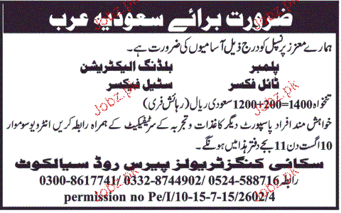 Plumbers, Building Electricians, Tile Fixers Job Opportunity
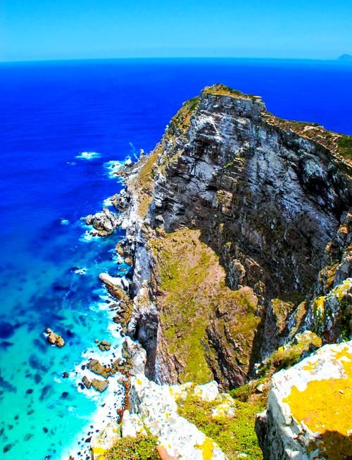 站在山顶除了一览迷人的海景外,还可以眺望不远处的好望角。好望角是大西洋寒流和印度洋暖流的分界,你可以看到海上有一处明显的浅蓝与深蓝色的分界线,在你的左手边是印度洋,右手边是大西洋。看过两大洋的分界线后,绕过灯塔还可以继续往前走,此时你不妨回头再看一眼开普角山顶的景象,会发现它异常的雄伟壮观。
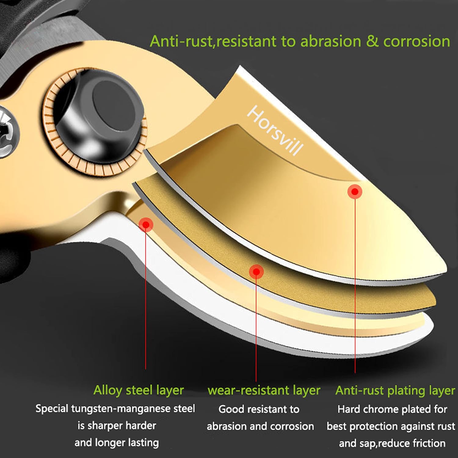 - SPECIAL PROCESS: The blade is quenched and hardened at high temperature,hardness reaches above HRC62, can cut branches up to 1 inch diameter. The blade is hard chrome plated for the best protection against rust and sap, reduce friction, increase smoothness, and extend service life.
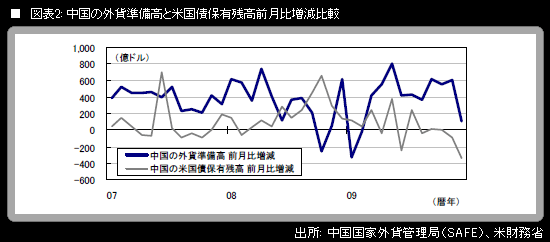 2008年5月頃までは、外貨準備高の前月比増減とほぼ連動させる形で、中国が米国債保有残高を調整しているように見えていた。だが2008年後半には、外貨準備高の月ごとの振れが大きくなる中でも、米国債に対する積極的な投資姿勢を中国は継続した。2008年9月に「リーマン・ショック」が発生し、世界経済が危機的な状況に陥る中で、相対的に安全な米国債に資金を逃避させる姿勢を、中国当局は強めたのだろう。2008年10月に、中国の米国債保有残高が前月比+659億ドルの急増を記録したことが象徴的である。
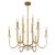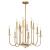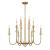 The Savoy House Oakhurst 12-light chandelier expertly blends Art Deco boldness with an inviting organic touch. Dramatically curved arms are topped with candle cups crafted from natural travertine. This beautiful stone features small holes and gaps, an example of the perfect imperfection of nature. An Antique Gold finish amps up the texture and glamour. Oakhurst is 30" in width and has an adjustable height ranging from 25" to 79". Comes with four 12" downrods and one 6" downrod. Uses twelve candelabra size bulbs of up to 60 watts per bulb. Bulbs not included.
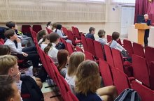 В актовом зале нашей школы прошла профилактическая беседа с инспектором по делам несовершеннолетних ОДН ОП 3 " Центральный" Печерицей Л.Ю.
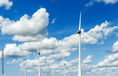 Wind turbines field for electric power generation. Green energy generate from wind
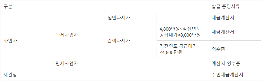면세사업자는 계산서를 발급하고, 신규로 사업을 시작하거나 직전연도 공급대가 합계액이 4,800만원 미만인 간이과세자는 영수증만 발급할 수 있습니다. 한편 세관장은 수입되는 재화에 대하여 수입세금계산서를 수입자에게 발급해야 합니다.
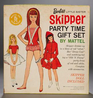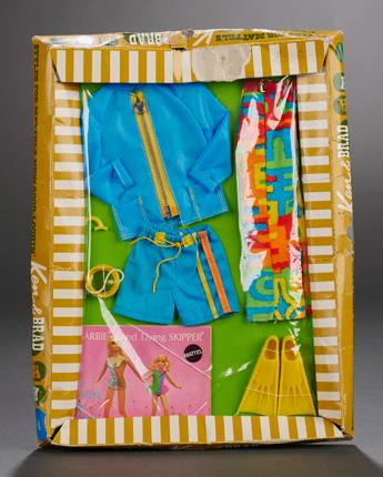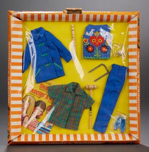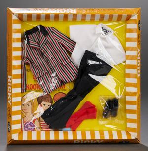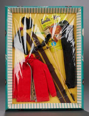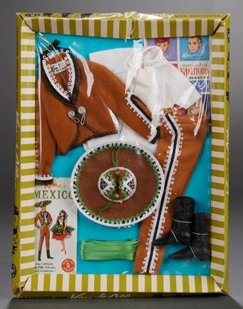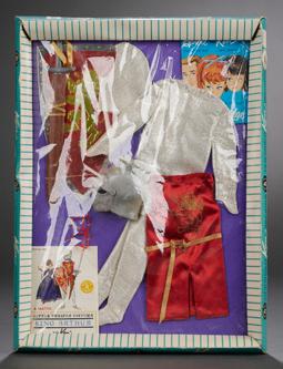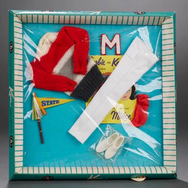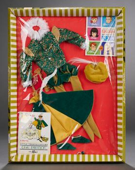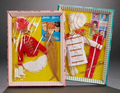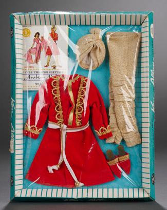 11.5” (29 cm.) Original unopened presentation of “Drum Major,” “Majorette,” and “Cheerleader” costumes as a gift set. Near mint condition, some wear to packaging. Mattel, 1964. Costumes are still attached to card with cellophane, in original box, features coordinating costumes for the three characters. $700/800

· · · · · · ·

Exercise description: Set down exactly and only the lines from the start of the entries above through the line containing "2008年5月頃までは、外貨", both ends included, omitting the pictures.

Completed exercise:
 Plumbers, Building Electricians, Tile Fixers Job Opportunity
 站在山顶除了一览迷人的海景外,还可以眺望不远处的好望角。好望角是大西洋寒流和印度洋暖流的分界,你可以看到海上有一处明显的浅蓝与深蓝色的分界线,在你的左手边是印度洋,右手边是大西洋。看过两大洋的分界线后,绕过灯塔还可以继续往前走,此时你不妨回头再看一眼开普角山顶的景象,会发现它异常的雄伟壮观。
 - SPECIAL PROCESS: The blade is quenched and hardened at high temperature,hardness reaches above HRC62, can cut branches up to 1 inch diameter. The blade is hard chrome plated for the best protection against rust and sap, reduce friction, increase smoothness, and extend service life.
 2008年5月頃までは、外貨準備高の前月比増減とほぼ連動させる形で、中国が米国債保有残高を調整しているように見えていた。だが2008年後半には、外貨準備高の月ごとの振れが大きくなる中でも、米国債に対する積極的な投資姿勢を中国は継続した。2008年9月に「リーマン・ショック」が発生し、世界経済が危機的な状況に陥る中で、相対的に安全な米国債に資金を逃避させる姿勢を、中国当局は強めたのだろう。2008年10月に、中国の米国債保有残高が前月比+659億ドルの急増を記録したことが象徴的である。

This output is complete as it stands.